CARD's built-in search is keyword-only — typing "last-resort beta-lactamases" returns nothing because those words aren't in the ARO descriptions. AROsearch fixes that with hybrid retrieval: BM25 for exact gene name and acronym matches, dense embeddings for natural-language understanding, fused with a query-adaptive weighting so each query gets the right balance automatically.
Live demo: https://huggingface.co/spaces/pranavathiyani/arosearch
The workflow has three steps. You only build once unless CARD releases a new version of the ARO; after that the app just serves the artifacts.
Open build_index_colab.ipynb in Google Colab, switch the runtime to T4 GPU,
and run all cells. The notebook downloads CARD data, builds both indices, runs
smoke-test queries, and packages the three artifacts into a zip you download
to your machine.
Unzip the artifacts into data/:
data/
├── aro_index.faiss (~26 MB — FAISS dense index)
├── aro_bm25.pkl (~320 KB — BM25S sparse index)
└── aro_meta.parquet (~267 KB — ARO metadata)
Then git add data/ && git commit && git push.
Create a new Gradio Space, point it at this GitHub repo, and Spaces will
auto-build using requirements.txt and run app.py.

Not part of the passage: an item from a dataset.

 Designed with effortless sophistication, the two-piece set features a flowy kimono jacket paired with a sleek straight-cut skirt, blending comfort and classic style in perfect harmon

The free CPU tier is
sufficient for query-time inference.
For each ARO entry we build two text representations:
- Lexical view: name + gene family. Short, term-dense — good for BM25.

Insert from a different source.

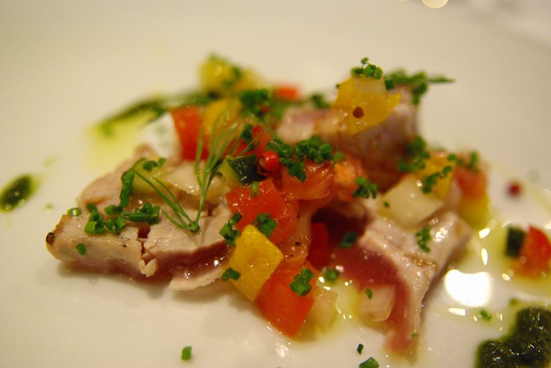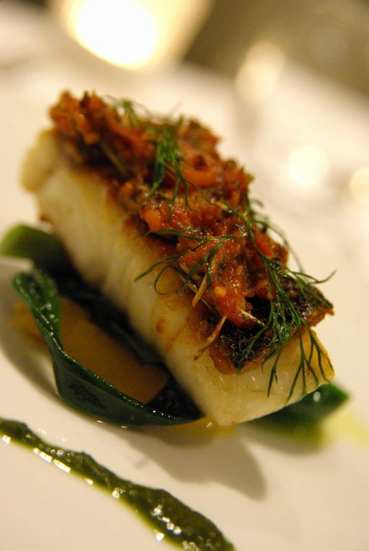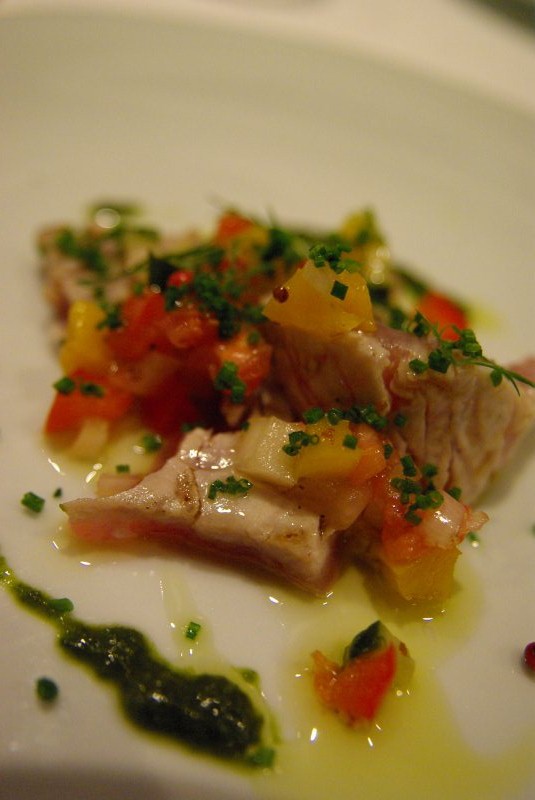 そして魚料理は、スズキのカリカリポワレに辛いトマトソースを添えて

- Semantic view: name + description + drug classes + mechanisms. Prose-shaped — good for dense embeddings.
At query time:
-
Encode the query with Qwen3-Embedding-0.6B, retrieve top-50 by cosine over the semantic index.
-
Tokenize the query, retrieve top-50 by BM25 over the lexical index.
-
Min-max normalize BM25 scores to
[0, 1]. -
Fuse with sigmoid-adaptive α:
α = 1 / (1 + exp(-10 · (BM25_norm − 0.5))) score = α · BM25_norm + (1 − α) · cosineStrong lexical match → α → 1, BM25 dominates. Weak lexical match → α → 0, embeddings dominate.
-
Return top-K ranked results with all four signals visible so you can audit why a result ranked where it did.

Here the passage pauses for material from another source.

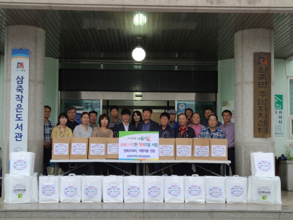 [충청뉴스큐] 안성시 삼죽면지역사회보장협의체는 지난 13일 ‘어르신 소소한 행복드림 사업’을 진행해 독거어르신 56가구에 행복꾸러미와 여름이불을 전달했다.

The fusion follows Wijesekara et al. 2026 (VectorSage, Bioinformatics Advances).
To run the app locally pointing at committed artifacts:
git clone https://github.com/pranavathiyani/arosearch
cd arosearch
python -m venv .venv && source .venv/bin/activate
pip install -r requirements.txt
python app.py # serves Gradio UI on http://localhost:7860Code: MIT.
ARO data is licensed under CC-BY 4.0 by McMaster University and accessed via github.com/arpcard/aro. If you use AROsearch in your work, please cite CARD:
Alcock BP, et al. CARD 2023: expanded curation, support for machine learning, and resistome prediction at the Comprehensive Antibiotic Resistance Database. Nucleic Acids Research 51, D690–D699 (2023).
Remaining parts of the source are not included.